===== Data supplied =====

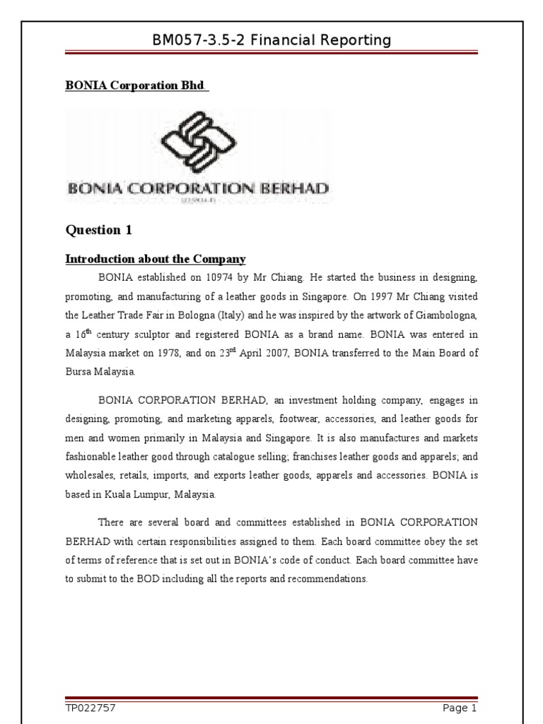 Assignment Financial Accounting Introduction Of Bonia Corporation Berhad Bonia Corporation Berhad Is A Public Listed Company In Malaysia Which Is Course Hero
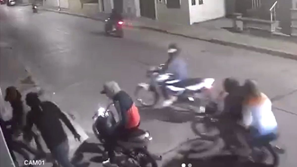 El robo bajo la modalidad piraña fue captado por las cámaras de una vivienda ubicada en las inmediaciones, donde se observa que el joven fue amenazado por unos tres o cuatro delincuentes, mientras otro grupo los aguardaba en las motos para emprender la huida.
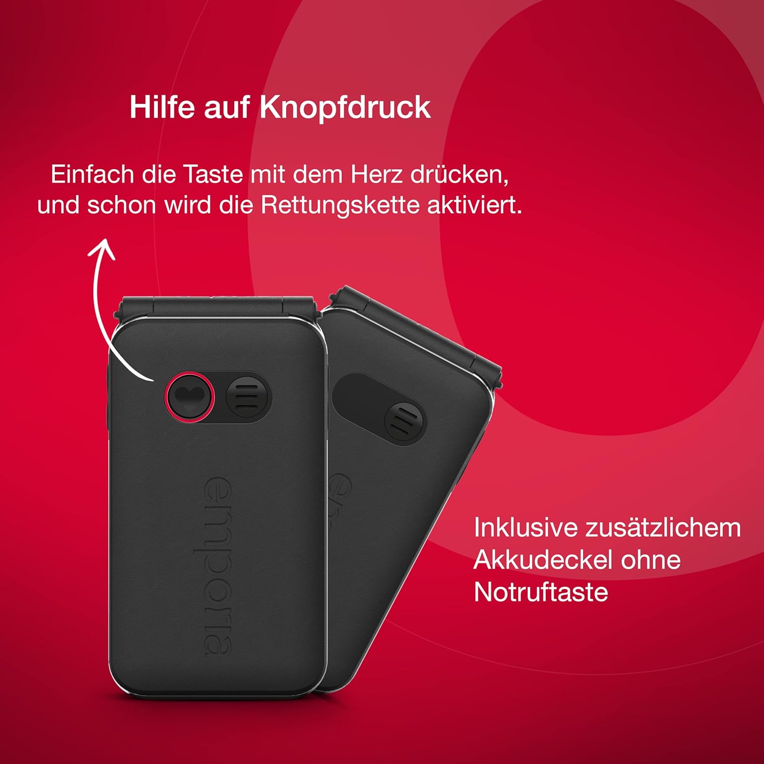 Image: The back of the emporia JOY-LTE phone, illustrating the emergency button and the option to use an alternative battery cover without the button.
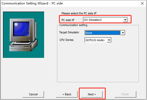 (3)由于本案例采用的是GX Works2仿真方案,选择GX Simulator2,选择CPU型号,下一步即可;
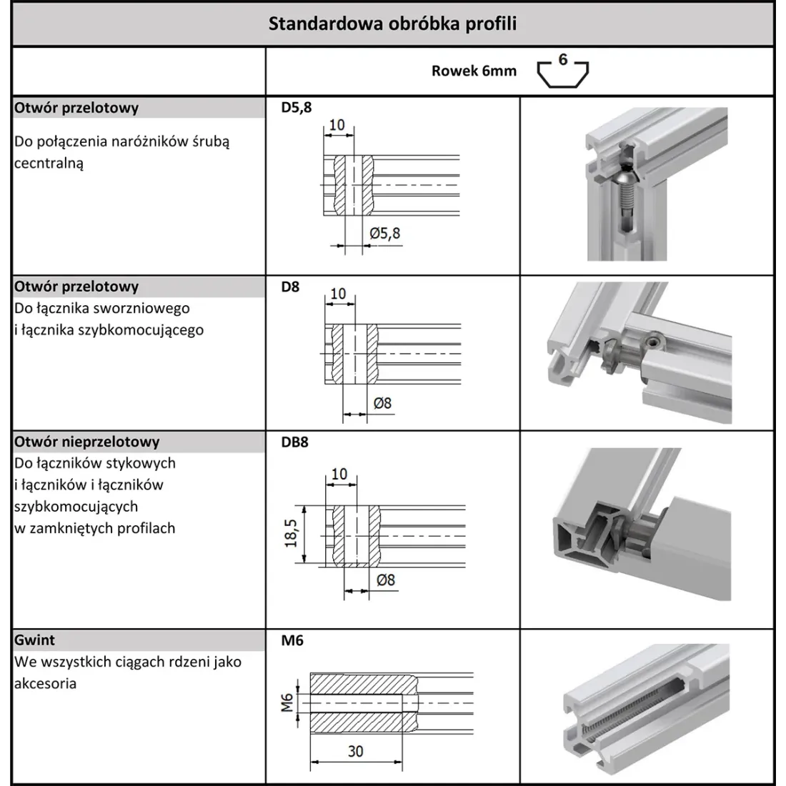 - Oszczędność Czasu: Prosty montaż profilu 20x20 1N nie wymaga specjalistycznych narzędzi ani umiejętności, co pozwala zaoszczędzić czas i zmniejszyć koszty.
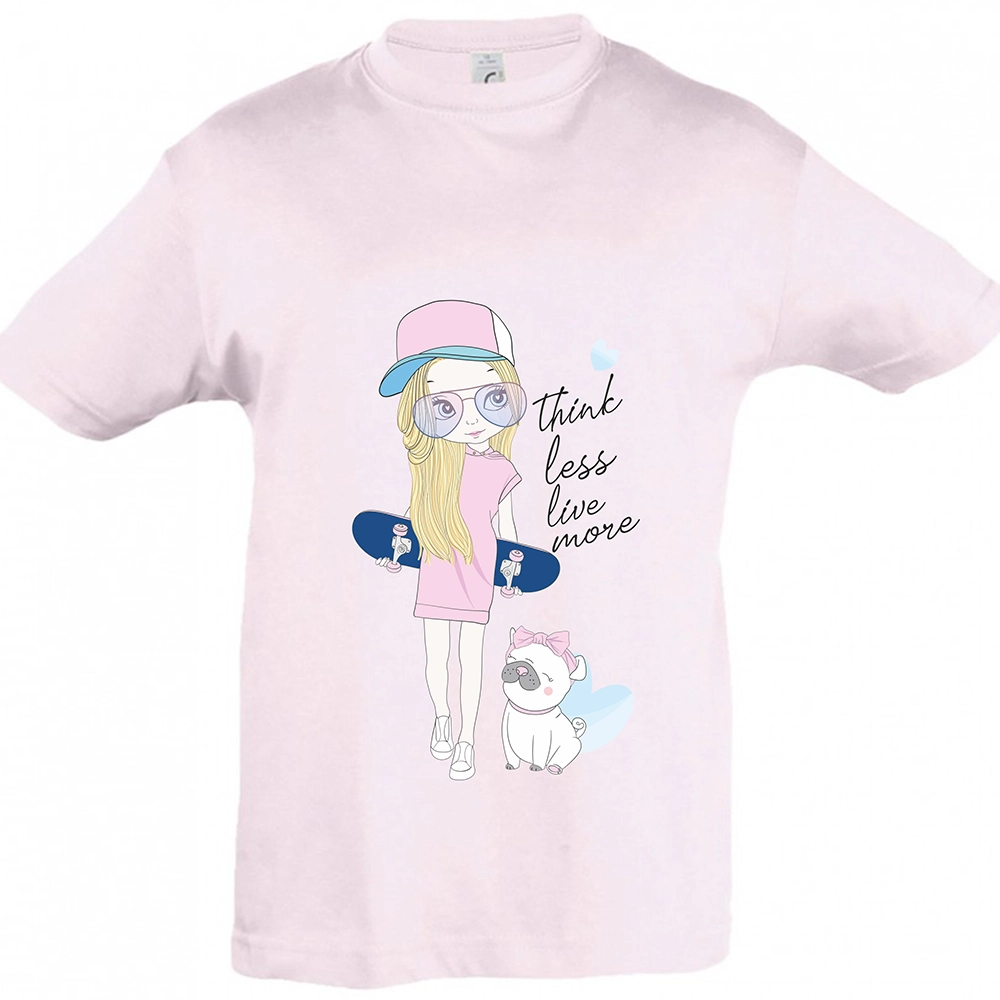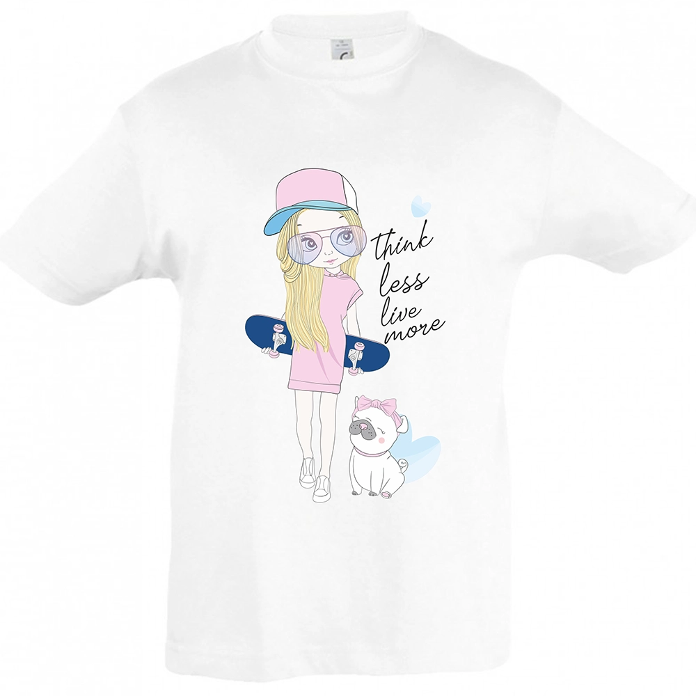 Το Think Less, Live More Kids Tee φέρνει ένα πιο χαλαρό, γλυκό και playful mood στην παιδική συλλογή της Wewee. Με το cute κοριτσάκι, το skate και το μικρό σκυλάκι στο πλάι, το σχέδιο αποπνέει ανεμελιά, κίνηση και αυτή τη carefree διάθεση που ταιριάζει τέλεια στην παιδική ηλικία.
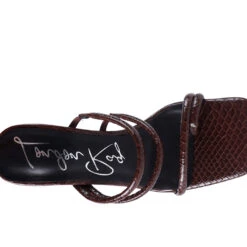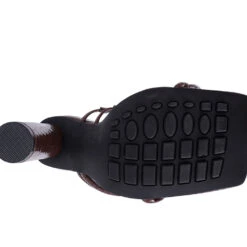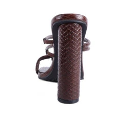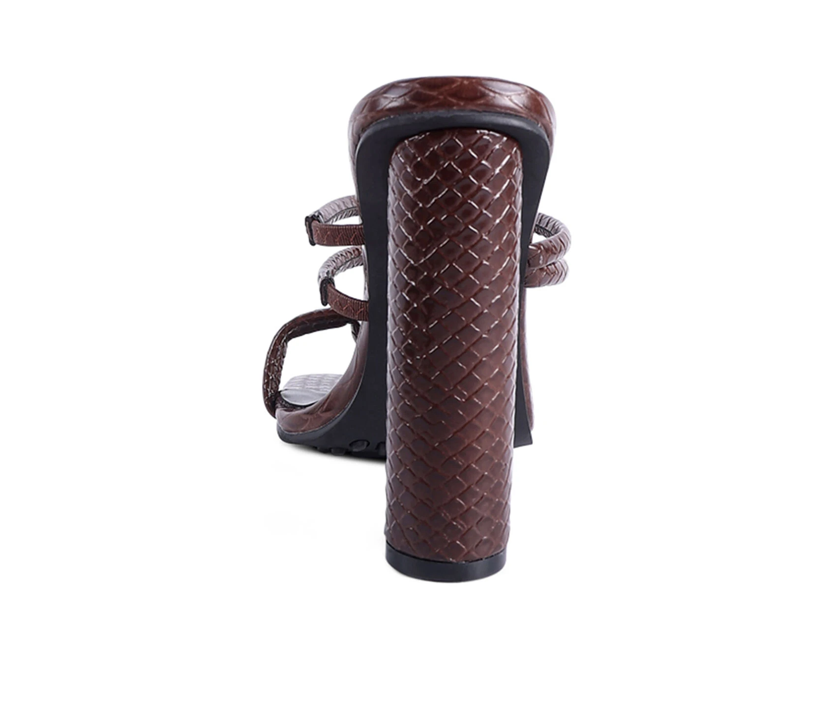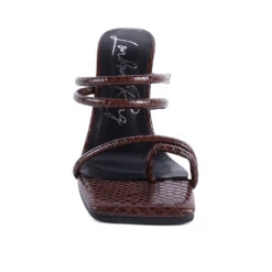 - With croc shiny patent PU, this uber stylish cylindrical high block heeled sliders are glam high. The straps have elastic details which stretch to fit and hold feet well. Has light cushioning to keep it soft. The toe ring detail on the front strap further adds to look and utility.
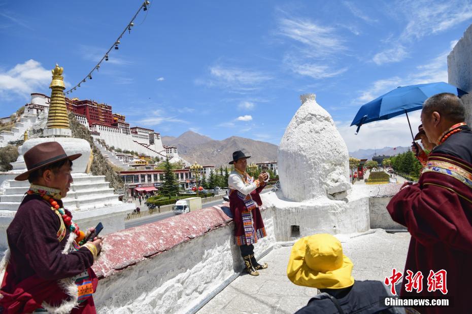 西藏官方發布數據顯示,2021年一季度,西藏接待國內(nei) 外遊客171萬(wan) 人次,同比增長2.4倍,實現旅遊收入13.78億(yi) 元人民幣,增長3.1倍。“五一”假期將至,在拉薩布達拉宮、八廓街等地可以看到,身著藏族傳(chuan) 統服飾拍照留念的遊客絡繹不絕,西藏旅遊預計將迎來小高潮。圖為(wei) 4月29日,藍天白雲(yun) 映襯下的布達拉宮。中新社發 貢嘎來鬆 攝
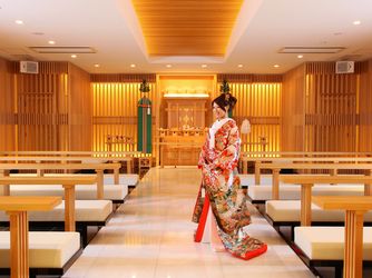 木の素材に囲まれた温かみに包まれた本格神殿。椅子がソファ席のため、年配ゲストにもくつろいで参列いただけます。鳥居をイメージしたエントランスは幻想的な光によって、より厳かな雰囲気を醸し出しています、当日チャペル挙式でも、和装前撮りもお愉しみいただけますので気軽にご相談ください。
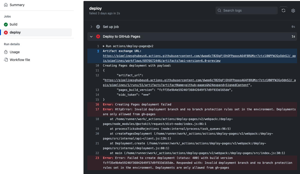 Error: Creating Pages deployment failed Error: HttpError: Invalid deployment branch and no branch protection rules set in the environment. Deployments are only allowed from gh-pages
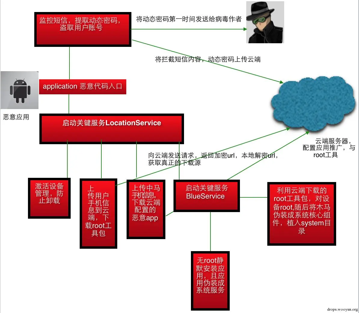 攻击者将木马制作成用户刚需应用,如色情类、生活服务类,或将恶意代码通过二次打包,注入到合法的应用当中,伪装成为合法应用,上传到android市场或某些论坛,诱导用户下载。一旦用户下载运行了此类应用,木马通过云端推送root 工具包,以及恶意应用;通过短信提取动态密码,第一时间发送给木马作者,直接造成财产损失、隐私泄露等;木马创建不死服务,后台root设备,成功root后将 恶意应用植入系统分区,用户即使恢复出厂设置也无法完全卸载木马。具体执行过程如下图:
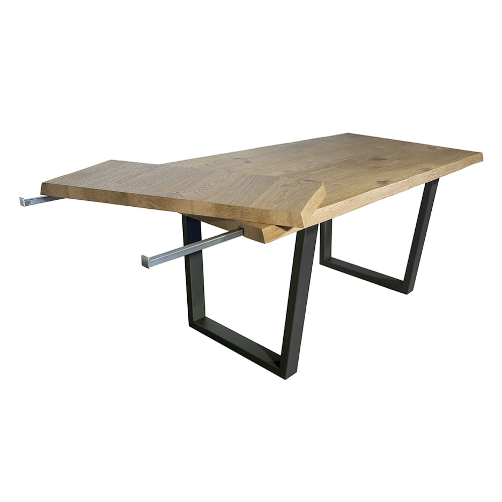 plaqué en chêne massif noué couleur scotch et son piètement est en métal gris fer. Cette table a été créée avec soin et passion pour célébrer l'unicité et la puissance de la nature, réalisée par des artisans italiens experts dans le secteur
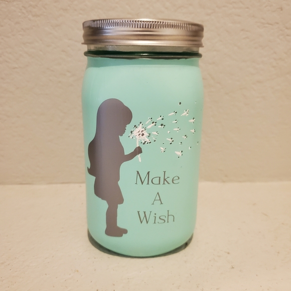 Mint green mason jar with coin slot top. Make a Wish with every coin saved ❤ This is hand crafted so small imperfections can be expected.
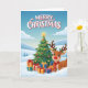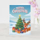 Celebrate the magic of the season with this charming Christmas greeting card featuring a cheerful reindeer, a festive Christmas tree, and beautifully wrapped presents nestled in a snowy winter landscape. The bright colors, playful illustration style, and heartwarming holiday scene make this the perfect card for kids, families, friends, teachers, and anyone who loves a touch of Christmas cheer.
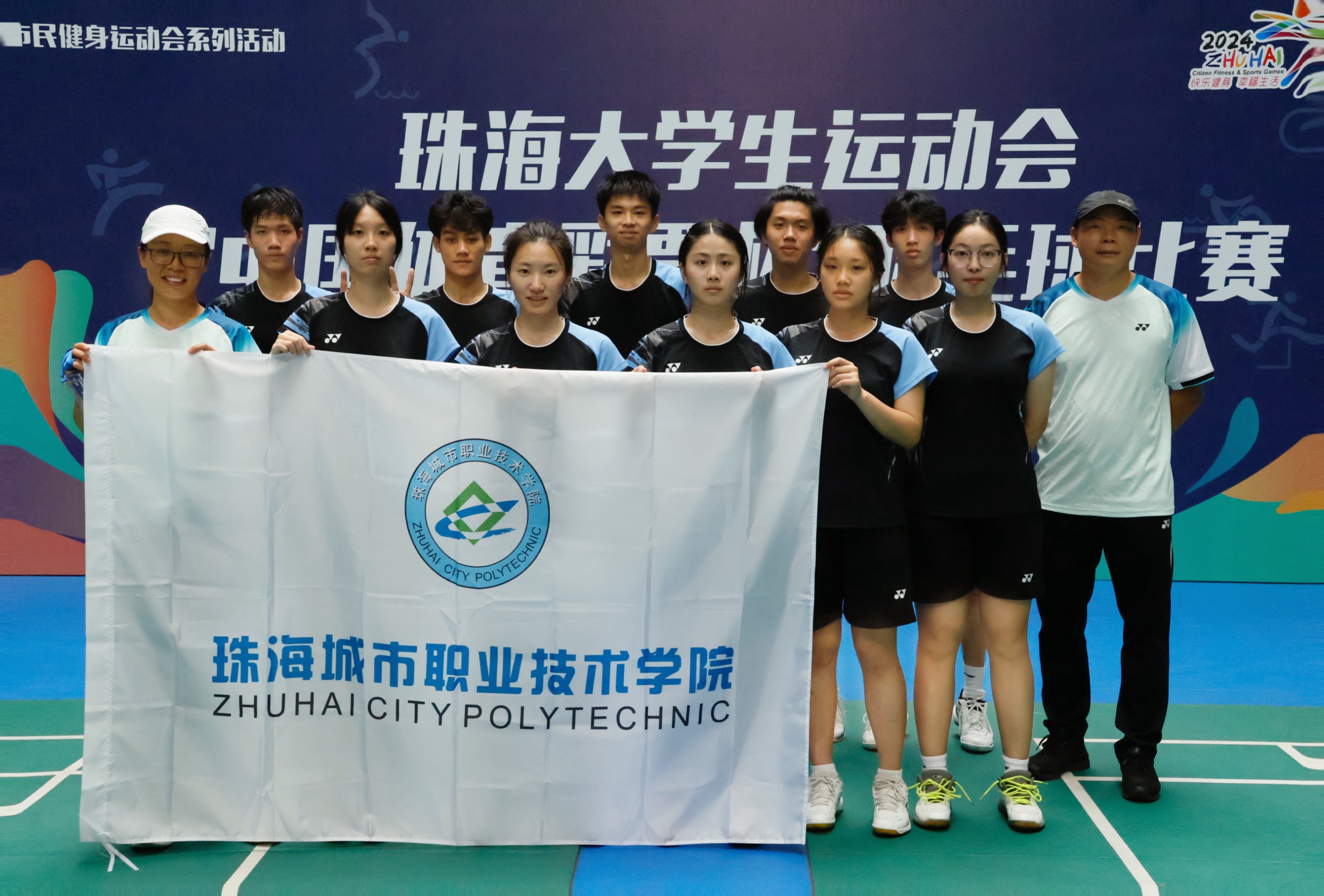 4月14日,珠海城市职业技术学院羽毛球队一行10名运动员在领队和教练员的带领下以饱满的热情、坚定的决心、良好的精神面貌亮相珠海市大学生运会。
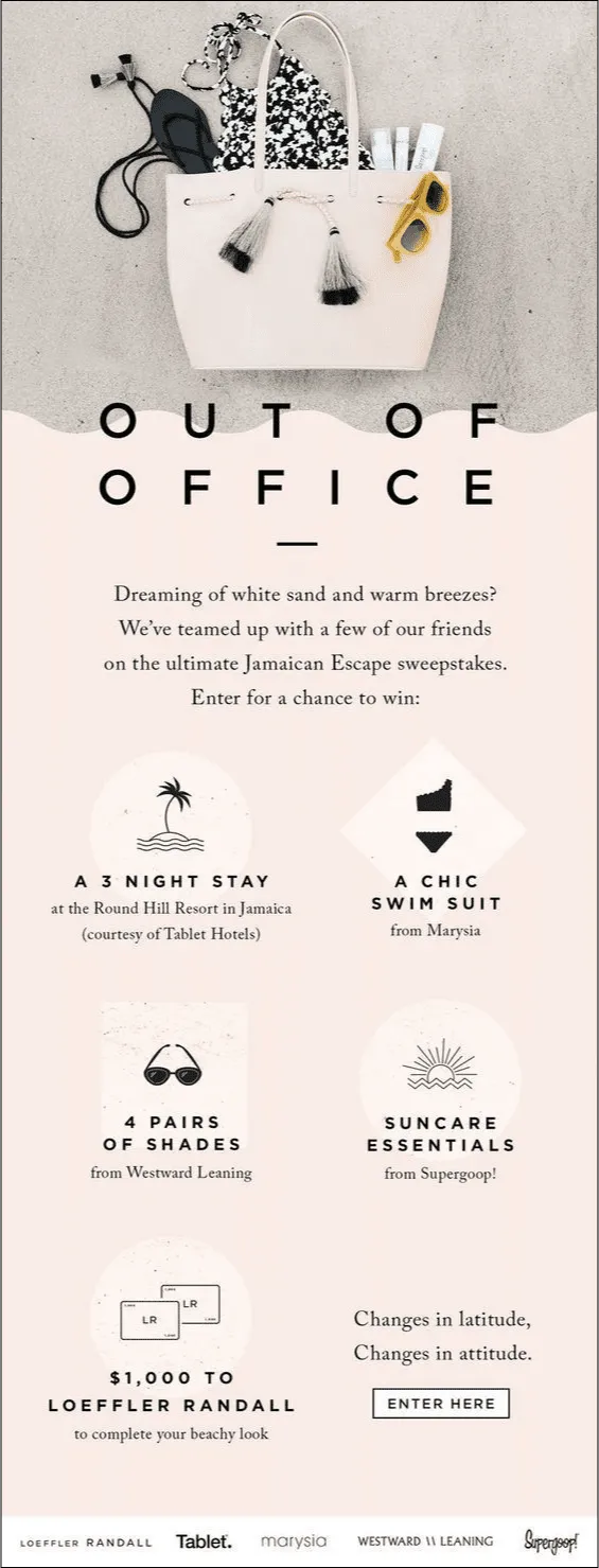 This campaign takes a completely different approach from Loeffler Randall’s previous abandoned cart mail. That email relied on subtle re-engagement and product resurfacing. Instead of nudging a shopper back to a previously viewed item, this promotional email creates an aspirational escape designed to spark excitement and participation. The headline “Out of Office” shifts emotional state immediately, inviting the reader into a dream-worthy travel scenario before presenting any promotional structure. The stacked prize lineup positions the sweepstakes as a high-value experience rather than a standard offer.
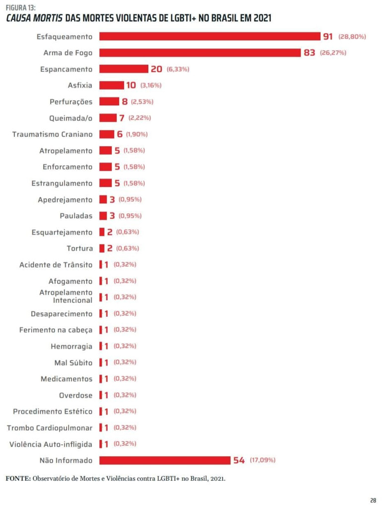 The document is the result of a collective work of production and systematization of data among institutions, such as Acontece Arte e Política LGBTQIA+, the National Association of Transvestites and Transsexuals (Antra), and the Brazilian Association of Lesbians, Gays, Bisexuals, Transvestites, Transsexuals and Intersex (ABGLT). According to the text, of the 316 deaths, 285 were murders, 26 suicides and 5 from other causes.

=====

Retype each entry exactly. No pictures.

Solution —
 Assignment Financial Accounting Introduction Of Bonia Corporation Berhad Bonia Corporation Berhad Is A Public Listed Company In Malaysia Which Is Course Hero
 El robo bajo la modalidad piraña fue captado por las cámaras de una vivienda ubicada en las inmediaciones, donde se observa que el joven fue amenazado por unos tres o cuatro delincuentes, mientras otro grupo los aguardaba en las motos para emprender la huida.
 Image: The back of the emporia JOY-LTE phone, illustrating the emergency button and the option to use an alternative battery cover without the button.
 (3)由于本案例采用的是GX Works2仿真方案,选择GX Simulator2,选择CPU型号,下一步即可;
 - Oszczędność Czasu: Prosty montaż profilu 20x20 1N nie wymaga specjalistycznych narzędzi ani umiejętności, co pozwala zaoszczędzić czas i zmniejszyć koszty.
 Το Think Less, Live More Kids Tee φέρνει ένα πιο χαλαρό, γλυκό και playful mood στην παιδική συλλογή της Wewee. Με το cute κοριτσάκι, το skate και το μικρό σκυλάκι στο πλάι, το σχέδιο αποπνέει ανεμελιά, κίνηση και αυτή τη carefree διάθεση που ταιριάζει τέλεια στην παιδική ηλικία.
 - With croc shiny patent PU, this uber stylish cylindrical high block heeled sliders are glam high. The straps have elastic details which stretch to fit and hold feet well. Has light cushioning to keep it soft. The toe ring detail on the front strap further adds to look and utility.
 西藏官方發布數據顯示,2021年一季度,西藏接待國內(nei) 外遊客171萬(wan) 人次,同比增長2.4倍,實現旅遊收入13.78億(yi) 元人民幣,增長3.1倍。“五一”假期將至,在拉薩布達拉宮、八廓街等地可以看到,身著藏族傳(chuan) 統服飾拍照留念的遊客絡繹不絕,西藏旅遊預計將迎來小高潮。圖為(wei) 4月29日,藍天白雲(yun) 映襯下的布達拉宮。中新社發 貢嘎來鬆 攝
 木の素材に囲まれた温かみに包まれた本格神殿。椅子がソファ席のため、年配ゲストにもくつろいで参列いただけます。鳥居をイメージしたエントランスは幻想的な光によって、より厳かな雰囲気を醸し出しています、当日チャペル挙式でも、和装前撮りもお愉しみいただけますので気軽にご相談ください。
 Error: Creating Pages deployment failed Error: HttpError: Invalid deployment branch and no branch protection rules set in the environment. Deployments are only allowed from gh-pages
 攻击者将木马制作成用户刚需应用,如色情类、生活服务类,或将恶意代码通过二次打包,注入到合法的应用当中,伪装成为合法应用,上传到android市场或某些论坛,诱导用户下载。一旦用户下载运行了此类应用,木马通过云端推送root 工具包,以及恶意应用;通过短信提取动态密码,第一时间发送给木马作者,直接造成财产损失、隐私泄露等;木马创建不死服务,后台root设备,成功root后将 恶意应用植入系统分区,用户即使恢复出厂设置也无法完全卸载木马。具体执行过程如下图:
 plaqué en chêne massif noué couleur scotch et son piètement est en métal gris fer. Cette table a été créée avec soin et passion pour célébrer l'unicité et la puissance de la nature, réalisée par des artisans italiens experts dans le secteur
 Mint green mason jar with coin slot top. Make a Wish with every coin saved ❤ This is hand crafted so small imperfections can be expected.
 Celebrate the magic of the season with this charming Christmas greeting card featuring a cheerful reindeer, a festive Christmas tree, and beautifully wrapped presents nestled in a snowy winter landscape. The bright colors, playful illustration style, and heartwarming holiday scene make this the perfect card for kids, families, friends, teachers, and anyone who loves a touch of Christmas cheer.
 4月14日,珠海城市职业技术学院羽毛球队一行10名运动员在领队和教练员的带领下以饱满的热情、坚定的决心、良好的精神面貌亮相珠海市大学生运会。
 This campaign takes a completely different approach from Loeffler Randall’s previous abandoned cart mail. That email relied on subtle re-engagement and product resurfacing. Instead of nudging a shopper back to a previously viewed item, this promotional email creates an aspirational escape designed to spark excitement and participation. The headline “Out of Office” shifts emotional state immediately, inviting the reader into a dream-worthy travel scenario before presenting any promotional structure. The stacked prize lineup positions the sweepstakes as a high-value experience rather than a standard offer.
 The document is the result of a collective work of production and systematization of data among institutions, such as Acontece Arte e Política LGBTQIA+, the National Association of Transvestites and Transsexuals (Antra), and the Brazilian Association of Lesbians, Gays, Bisexuals, Transvestites, Transsexuals and Intersex (ABGLT). According to the text, of the 316 deaths, 285 were murders, 26 suicides and 5 from other causes.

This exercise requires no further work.